Short answer
Genetic testing can help when a family history and a real heart phenotype point in the same direction. It is most useful for conditions like familial hypercholesterolemia, hypertrophic cardiomyopathy, and some inherited arrhythmia or cardiomyopathy syndromes. A result is usually most meaningful when it changes how relatives are screened, how the diagnosis is confirmed, or how a treatment plan is chosen.
When testing is most useful
| Situation | Why testing can help | Common caveat |
|---|---|---|
| Familial hypercholesterolemia | Can support a diagnosis and help with family cascade testing. | A negative result does not always rule out inherited cholesterol risk. |
| Hypertrophic cardiomyopathy | Can help confirm the cause and identify relatives who need screening. | A variant of uncertain significance should not be treated like a diagnosis. |
| Arrhythmogenic right ventricular cardiomyopathy or other inherited rhythm disease | Can support syndrome-specific family screening. | ECG, echo, Holter, and other heart tests still matter. |
| Sudden unexplained death in the family | Can guide evaluation of close relatives when the family pattern is concerning. | The most useful test often starts with the affected person if a sample is available. |
Before ordering
- Document ages, diagnoses, cholesterol levels, cardiac imaging results, rhythm findings, and sudden deaths in relatives.
- Ask whether the affected person in the family should be tested first if that person is available.
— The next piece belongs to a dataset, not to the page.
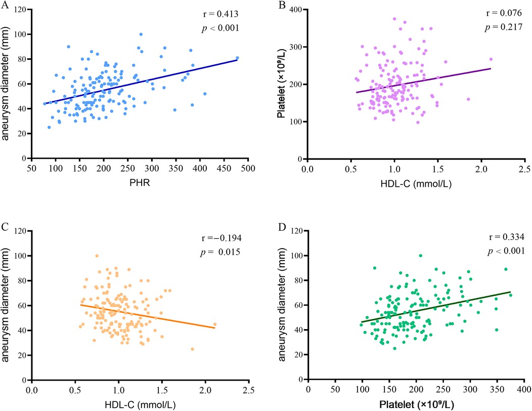 To further evaluate whether the PHR is associated with the disease progression in patients with AAA, we further examined the correlation between PHR and the diameter of AAA. The results showed that there was a significant positive correlation between the PHR level and the aneurysm diameter in AAA patients (r = 0.413, P < 0.001) (Figure 2A). This suggests that PHR has potential value in assessing the progression of AAA. Additionally, we conducted a detailed analysis of the correlation between HDL-C and platelet count in patients with AAA. Our results showed no significant correlation between these two variables (r = 0.076, P = 0.217) (Figure 2B), suggesting that HDL-C and platelets do not have a substitutable relationship. Further correlation analysis between HDL-C and aneurysm diameter in AAA patients revealed a significant negative correlation (r = −0.194, P = 0.015) (Figure 2C), which implies that lower HDL-C levels may be associated with aneurysm expansion. In contrast, a significant positive correlation was observed between platelet count and aneurysm diameter in AAA patients (r = 0.334, P < 0.001) (Figure 2D), indicating that higher platelet counts may be associated with aneurysm expansion.

- Ask how results would change screening, medication, exercise advice, or family testing.
- Clarify whether genetic counseling is available before and after results.
How results are used
- Positive result: Can support a diagnosis and trigger cascade testing in relatives.
- Negative result: Does not always rule out inherited risk, especially when the family pattern is strong.
- Variant of uncertain significance: Usually should not change major medical decisions by itself.
- Known family variant: Can be used to test relatives more efficiently when the familial change is already identified.
When the lab report needs context
A general lab reference can explain the test, but it cannot tell you which relative should test first or whether the family pattern is truly inherited. If the result is unclear, family history and targeted counseling matter more than a single panel.
Questions to ask
- What diagnosis are we trying to confirm or rule out?
- Would the affected relative be a better first person to test?
- Will the result change screening or treatment for me or my family?
- Should this be paired with genetic counseling and heart testing?
- How should we interpret a negative result or a VUS?
FAQ
Who should be tested first in a family?
Usually the person with the clearest diagnosis or the strongest symptoms should be tested first, because that gives the best chance of finding the family variant.
Does a negative result rule out inherited heart disease?
No. A negative result can still leave inherited risk on the table, especially when the family history and heart testing are strongly suggestive.
What does a variant of uncertain significance mean?
It means the lab found a DNA change, but it is not yet clear whether it explains the condition. It usually should not be used alone to make major decisions.
Why does family history matter so much?
CDC notes that family health history helps identify inherited conditions that may show up before symptoms are obvious, and it guides who might need counseling or testing.
Is this the same as polygenic risk scoring?
No. The page here is about inherited disease testing and family variants, not a risk score built from many small DNA effects.
Should relatives still get heart screening if the genetic test is negative?
Sometimes yes. If the family pattern is strong, clinical screening can still be useful even when no variant is found.